Zayıf olma lüksümüz yok
2018'in neler getireceğini kestirmek için falcı, astrolog veya müneccim olmaya gerek yok. Jeo-politik ilkelerden dünyanın gidişatına bakanlar için aslında her şey o kadar da muğlak değil. Bu çerçevede ilk dikkat...
2018'in neler getireceğini kestirmek için falcı, astrolog veya müneccim olmaya gerek yok. Jeo-politik ilkelerden dünyanın gidişatına bakanlar için aslında her şey o kadar da muğlak değil.
Bu çerçevede ilk dikkat çeken unsur sistemin merkez ülkesi ABD'nin artık çıplak oluşudur.
Zira 'dünyanın jandarması' kendi iç sorunlarıyla bile başa çıkamıyor. Atlantik'in lokomotifi ABD çözüldükçe Batı'nın domine ettiği despotik istikrara dayalı evrenselleşme yerine farklı aktörler arasındaki koordinasyondan beslenen, çoğul ve daha demokratik bir küreselleşme süreci giderek güç kazanıyor.
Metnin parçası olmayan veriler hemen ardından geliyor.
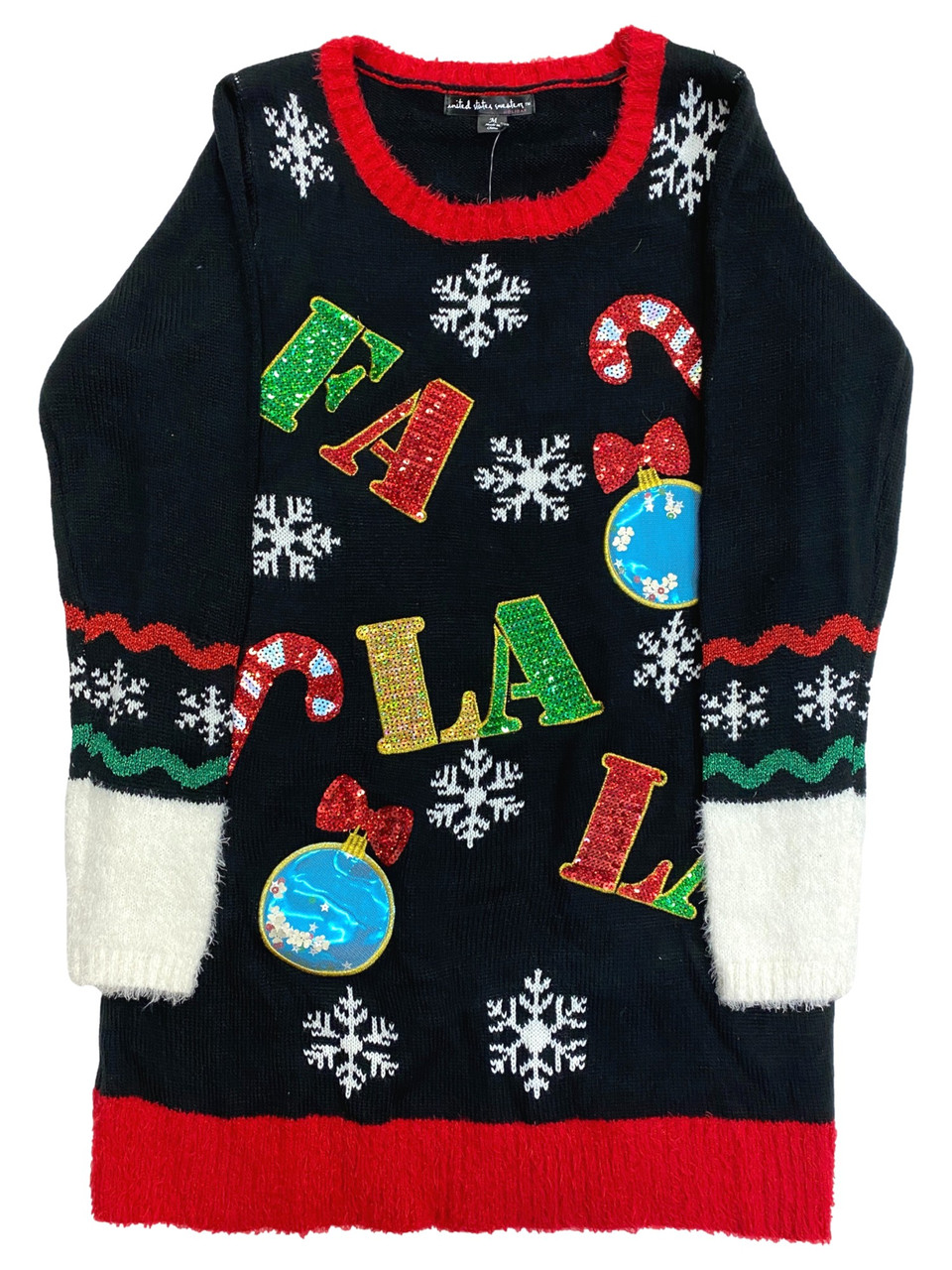 - Womens Black Sequin Embellished Fa La La Christmas Holiday Sweater

Daha önce sık sık dile getirdiğimiz gibi Pax veya Imperium Americana ile nitelenen Atlantik dönemi kapanırken çok merkezli Trans-Pasifik ve Asya çağı başlıyor.
Türkiye'nin öncülük yaptığı İstanbul'daki Kudüs deklarasyonu ve ardından BM'de alınan Kudüs kararı, ABD tekelindeki despot küreselleşmeye bu anlamda tarihi bir darbe indirdi.
Yeni Türkiye, Atlantik'in Rusya ve Çin'e karşı geliştirdiği stratejilerin Ortadoğu, Balkanlar, Orta Asya, Kafkaslar ve Afrika'daki payandası olmak yerine artık 'küresel iç politika' diyebileceğimiz bir anlayışla ulusal, kültürel, tarihi ve sosyo-ekonomik çıkarlarını gözeten bir aktör olarak hareket ediyor/edecek.
Nitekim bin kilometre öteden gelip Türkiye'nin hinterlandında güç gösterisine kalkanlar bize her istediklerini dikte edemeyeceklerini kısa sürede gördü.
Şunu hemen belirtelim ki, ABD yönetimi Rusya ve Çin'e karşı ekonomik, siyasi ve askeri bariyerlerle örülmüş kuşatma projesinin bir benzerini de Türkiye'ye karşı devreye sokmuş durumda.
ABD'nin ülkemize yönelik izlediği son beş yıllık politikasını, Türkiye'nin tarihsel gücüne yeniden kavuşmasını engellemeye çalışan önleyici saldırılar olarak görmek mümkün.
Washington, içeride ve hinterlandında iyice sıkışmış bir Türkiye'nin kendisine ciddi bir stratejik rakip olamayacağını düşünerek hareket etti hep.
Eğer Türkiye vesayet altında tutulabilseydi o zaman 21'inci yüzyılın başat projesinde ABD'nin 'taşeronu' olarak 'hizmet'e devam edecektik.
Böylece Çin ve Rusya'nın frenlenmesi ile bölge ülkelerinin İsrail'in çıkarlarına göre dizayn edilmesinde Türkiye geçen yüzyıldaki gibi Atlantik'in yine 'truva atı' olacak ve İslam dünyasına sefer düzenleyen ABD'nin canı istediğinde gelip geçtiği 'köprü ülke' konumunu sürdürecekti.
Şu an bize diş geçirmese de genel anlamda ABD'nin Türkiye'yi teslim alma veya en azından Rusya ve Çin'le ilişkilerimizi bozma hedefinden sapmayacağını unutmamak lazım.
Şurası açık ki önümüzdeki süreçte ABD, bölgemize ve bize dair yine kötü ile çok kötü arasında bir seçim yapacak. Bu anlamda hep tetikte olmak zorundayız.
Kan kaybeden ABD yönetimi, küresel liderlik fikrinden vazgeçebilir ama bizim bu bölgede ve bu konjonktürde zayıf olma gibi bir lüksümüz hiç yok.